■ **EXERCISE OBJECTIVE**
Set down, exactly as written, the lines from the top of the data to the line that holds "kolorystyka sepiowa, miedziano-złota", and omit the pictures.

■ **DATASET EXTRACT**
- Opening Delimiter -

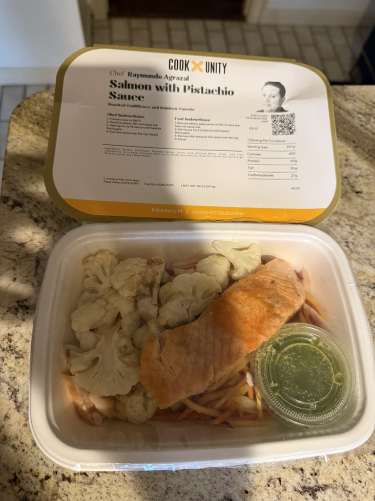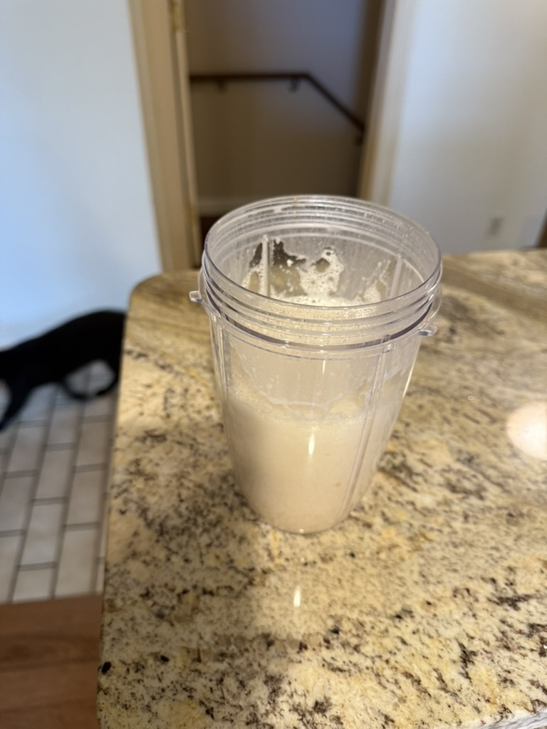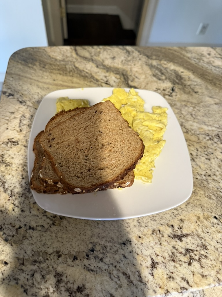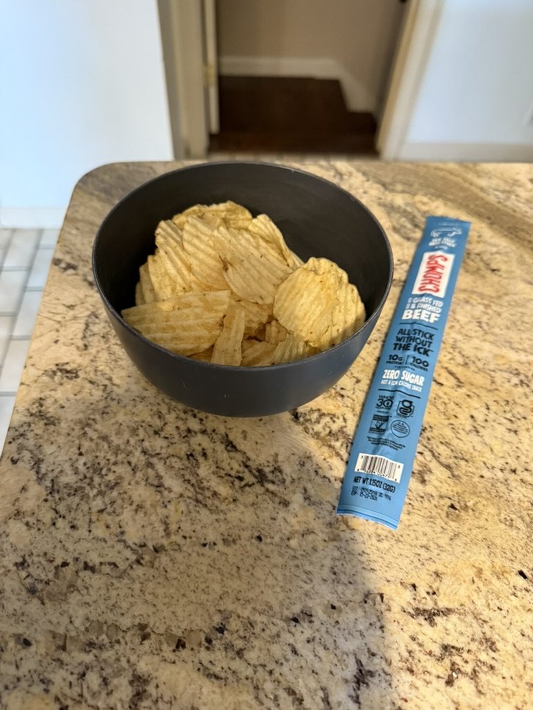 Food Walk Day 193 June 25, 2025 Walk (Evening): 2.25 miles Salmon, veggies Peanut butter protein shake Eggs, bread Chai Chips, beef stick Chicken Beef stick Casein protein shake
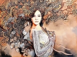 "Madame Butterfly Sepia", 120x90 cm, kanoniczny obraz w wersji horyzontalnej z serii PopDivy, którego inspiracją była opera, a w rolę głównych bohaterek wcielają się prawdziwe kobiety ze świata współczesnego filmu czy muzyki, ikony popkultury. W roli Cio-cio-san vel Butterfly, głównej bohaterki opery Giacoma Pucciniego w obrazie Maggie Piu została obsadzona Beyonce. Temat - Madame Butterfly z rękami złożonymi na piersi splecionymi miedzianą wstążką, układ poziomy, kolorystyka sepiowa, miedziano-złota
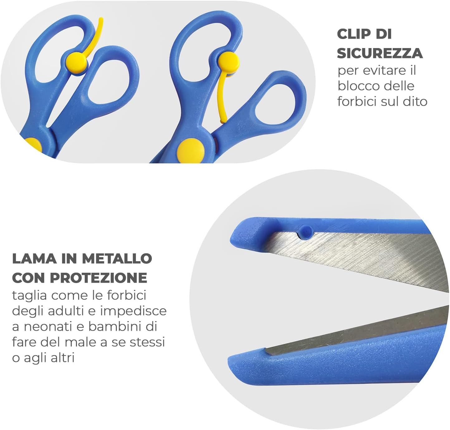 ✂FORBICI PER BAMBINI A PARTIRE DA UN ANNO DI ETÀ con clip speciale di sicurezza per assicurare l'incolumità del vostro bambino, mentre esplora la sua creatività ✂4 FORBICI CON LAMA IN METALLO che taglia come normali forbici attraverso carta, cartone, plastilina, pasta da modellare, argilla e molto altro, e con un rivestimento in plastica rigida per garantire la sicurezza e una piacevole sensazione d'impugnatura ✂ADATTE A ESSERE USATE SIA A SINISTRA CHE A DESTRA, queste forbici a punta tonda per bimbi sono progettate per migliorare l'attività motrice fine. ✂SET COMPLETO DI 4 COLORI così che tutti possano scegliere il loro preferito e a un prezzo scontato! ✂I PRODOTTI A MARCHIO LOBOME sono pianificati e disegnati in Germania, per soddisfare gli standard del mercato Europeo, portando prodotti di alta qualità a prezzi competitivi
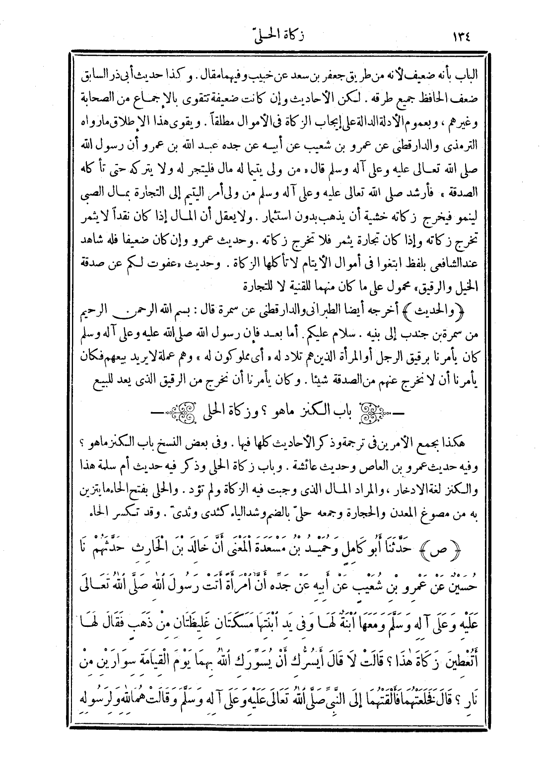 الباب بأنه ضعيف لأنه من طريق جعفر بن سعد عن خبيب وفيهما مقال. وكذا حديث أبي ذر السابق ضعف الحافظ جميع طرقه. لكن الأحاديث وإن كانت ضعيفة تتقوى بالإجماع من الصحابة وغيرهم، وبعموم الأدلة الدالة على إيجاب الزكاة في الأموال مطلقًا. ويقوى هذا الإطلاق ما رواه الترمذي والدارقطني عن عمرو بن شعيب عن أبيه عن جده عبد الله بن عمرو أن رسول الله صلى الله تعالى عليه وعلى آله وسلم قال "من ولى يتيمًا له مال فليتجر له ولا يتركه حتى تأكله الصدقة" فأرشد صلى الله تعالى عليه وعلى آله وسلم من ولى أمر اليتيم إلى التجارة بمال الصبي لينمو فيخرج زكاته خشية أن يذهب بدون استثمار. ولا يعقل أن المال إذا كان نقدًا لا يثمر تخرج زكاته وإذا كان تجارة يثمر فلا تخرج زكاته. وحديث عمرو وإن كان ضعيفًا فله شاهد عند الشافعي بلفظ ابتغوا في أموال الأيتام لا تأكلها الزكاة. وحديث "عفوت لكم عن صدقة الخيل والرقيق" محمول على ما كان منهما للقنية لا للتجارة

- Closing Delimiter -

■ **FINAL ANSWER**
 Food Walk Day 193 June 25, 2025 Walk (Evening): 2.25 miles Salmon, veggies Peanut butter protein shake Eggs, bread Chai Chips, beef stick Chicken Beef stick Casein protein shake
 "Madame Butterfly Sepia", 120x90 cm, kanoniczny obraz w wersji horyzontalnej z serii PopDivy, którego inspiracją była opera, a w rolę głównych bohaterek wcielają się prawdziwe kobiety ze świata współczesnego filmu czy muzyki, ikony popkultury. W roli Cio-cio-san vel Butterfly, głównej bohaterki opery Giacoma Pucciniego w obrazie Maggie Piu została obsadzona Beyonce. Temat - Madame Butterfly z rękami złożonymi na piersi splecionymi miedzianą wstążką, układ poziomy, kolorystyka sepiowa, miedziano-złota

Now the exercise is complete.